# Biomedical Semantic Search & Simplification Pipeline


## Summary
1. Required libraries
2. Data preprocessing

A. Encoder Part

3. Optimised encoder model configuration
4. Corpus encoding
5. Saving embeddings

B. Decoder Part

6. Decoder model configuration
7. Setting up user input for the chatbot


### 1. Required libraries

In [2]:
# library installation
! pip install adapters transformers torch pandas tqdm numpy -q

### 2. Data preprocessing
Steps to load data into Google Colab:

1. Go to your Google Drive.

2. Create a folder called `Project_NLP`.

3. Drag `OptimusPrime_for_GoogleColab.ipynb` notebook into it and doble-click on it.

4. The CRUCIAL step:

- In the top right corner, click on the small arrow next to 'Sign in' (or 'RAM/Disk').

- Select Change runtime type.

- Choose T4 GPU.

In [10]:
import os
import urllib.request
from google.colab import drive
from pathlib import Path
from tqdm import tqdm


# Connection to the drive
drive.mount('/content/drive')

# Data repertory creation
local_path = "/content/data_temp"

# Uploading data files
files = [
    ("https://zenodo.org/records/14801641/files/relish_documents.tsv","relish_documents.tsv"),
    ("https://zenodo.org/records/14801641/files/relevance_matrix.tsv", "relevance_matrix.tsv")
]

def download_with_progress(url, destination_path):
    class DownloadProgressBar(tqdm):
        def update_to(self, b=1, bsize=1, tsize=None):
            if tsize is not None:
                self.total = tsize
            self.update(b * bsize - self.n)

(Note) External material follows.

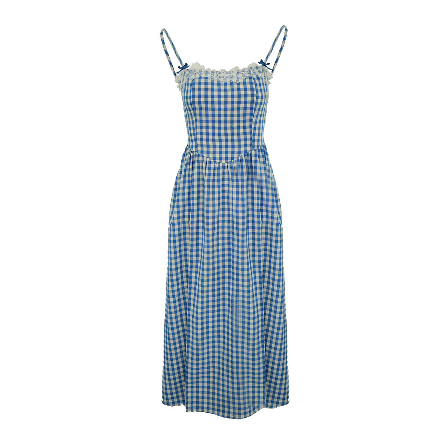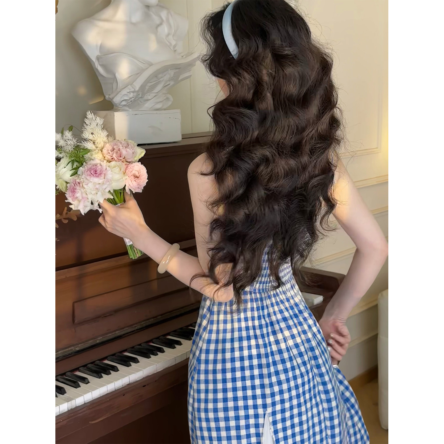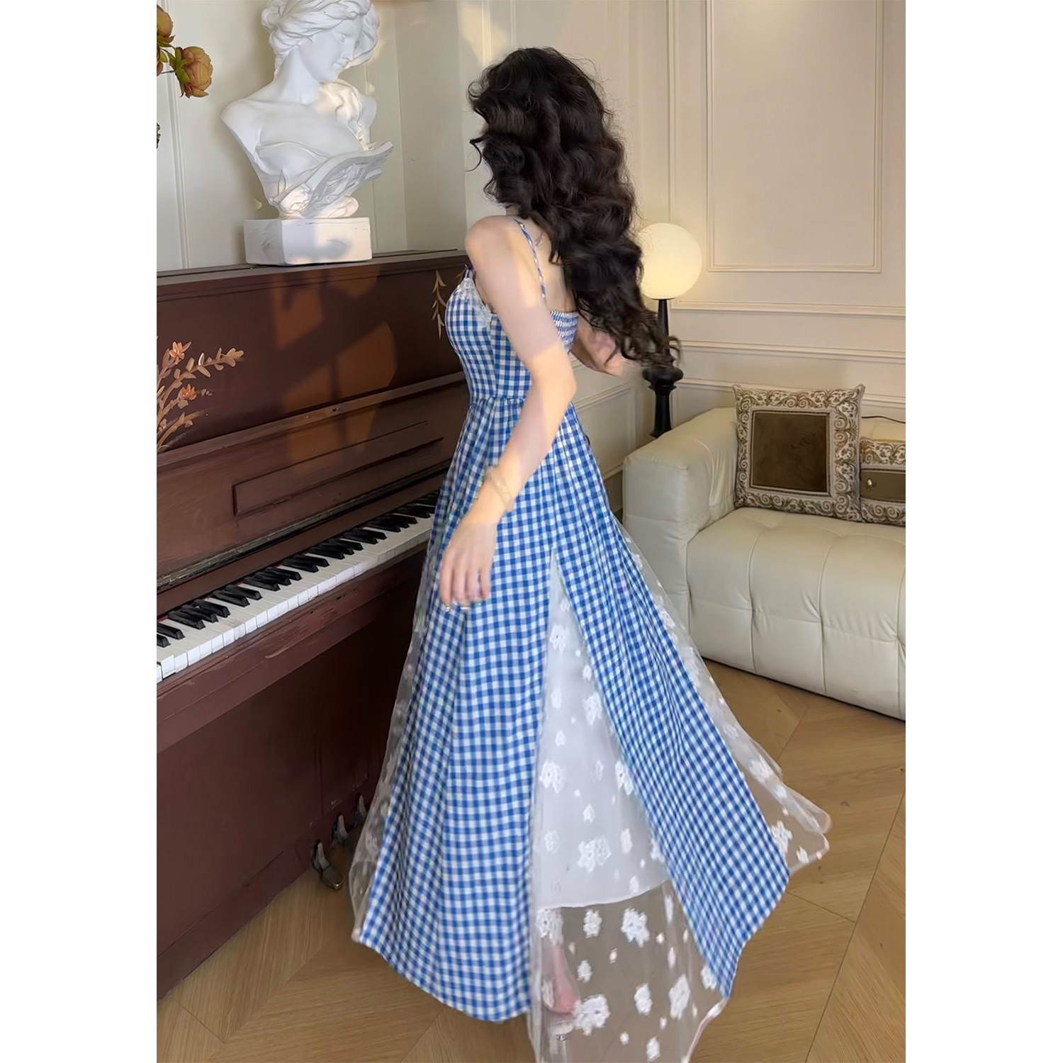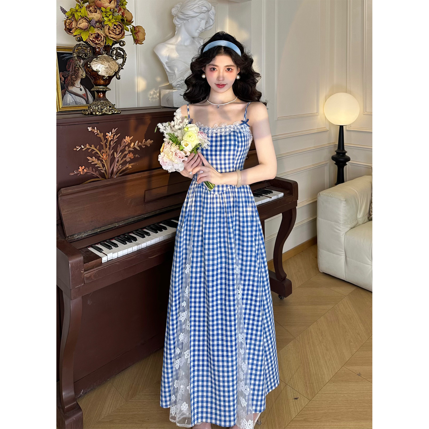 法式高级感格子连衣裙女夏2025新款气质a字收腰无袖长裙SS

    with DownloadProgressBar(unit='B', unit_scale=True, miniters=1, desc=os.path.basename(destination_path)) as t:
        urllib.request.urlretrieve(url, filename=destination_path, reporthook=t.update_to)

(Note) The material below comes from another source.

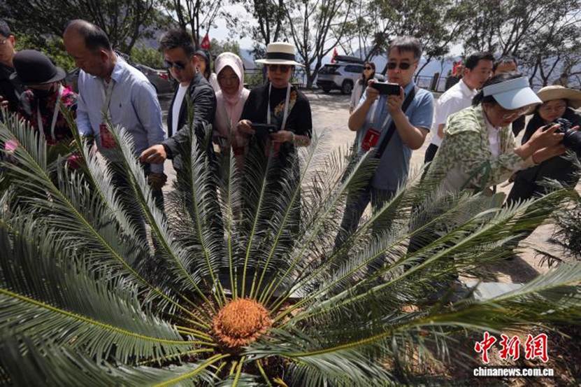 4月9日,海外华文媒体代表观看开花的攀枝花苏铁。王磊 摄

for url, filename in files:
    destination_path = os.path.join(local_path, filename)
    if not os.path.exists(destination_path):
        download_with_progress(url, destination_path)
    else:
        print(f"{filename} already exists in{local_path}. Download ignored.")

# 4. Verification
print("Files :")
print(os.listdir(local_path))


Drive already mounted at /content/drive; to attempt to forcibly remount, call drive.mount("/content/drive", force_remount=True).
relish_documents.tsv already exists in/content/data_temp. Download ignored.
relevance_matrix.tsv already exists in/content/data_temp. Download ignored.
Files :
['__MACOSX', 'relish_documents.tsv', 'data_BumbleBee', 'relevance_matrix.tsv']


In [12]:
import pandas as pd


# Corpus loading
corpus_file = f"{local_path}/relish_documents.tsv"

print("Loading corpus...")
corpus_df = pd.read_csv(corpus_file, sep='\t')

# Inspection structure
print(f"✓ Corpus: {len(corpus_df)} articles")

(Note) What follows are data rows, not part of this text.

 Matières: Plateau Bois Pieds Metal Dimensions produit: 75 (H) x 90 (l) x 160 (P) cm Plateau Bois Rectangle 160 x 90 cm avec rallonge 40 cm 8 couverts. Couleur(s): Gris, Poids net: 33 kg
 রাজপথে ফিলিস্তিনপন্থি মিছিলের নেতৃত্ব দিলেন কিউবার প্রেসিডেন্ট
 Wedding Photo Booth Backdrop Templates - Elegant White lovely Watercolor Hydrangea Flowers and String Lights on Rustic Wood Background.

# Standardise column names
if 'PMID' in corpus_df.columns:
    corpus_df.rename(columns={'PMID': 'pmid', 'Title': 'title', 'Abstract': 'abstract'},
                     inplace=True)

# Cleaning up the corpus of articles without abstracts
corpus_df = corpus_df.dropna(subset=['abstract'])
corpus_df['pmid'] = corpus_df['pmid'].astype(str)

print(f"After cleaning: {len(corpus_df)} articles")
print(f"Columns: {corpus_df.columns.tolist()}")


Loading corpus...
✓ Corpus: 163189 articles
After cleaning: 163189 articles
Columns: ['pmid', 'title', 'abstract']


## A. Encoder part
<a href="https://huggingface.co/allenai/specter2">Specter2</a> is chosen to vectorise the corpus It is capable of generating task specific embeddings for scientific tasks.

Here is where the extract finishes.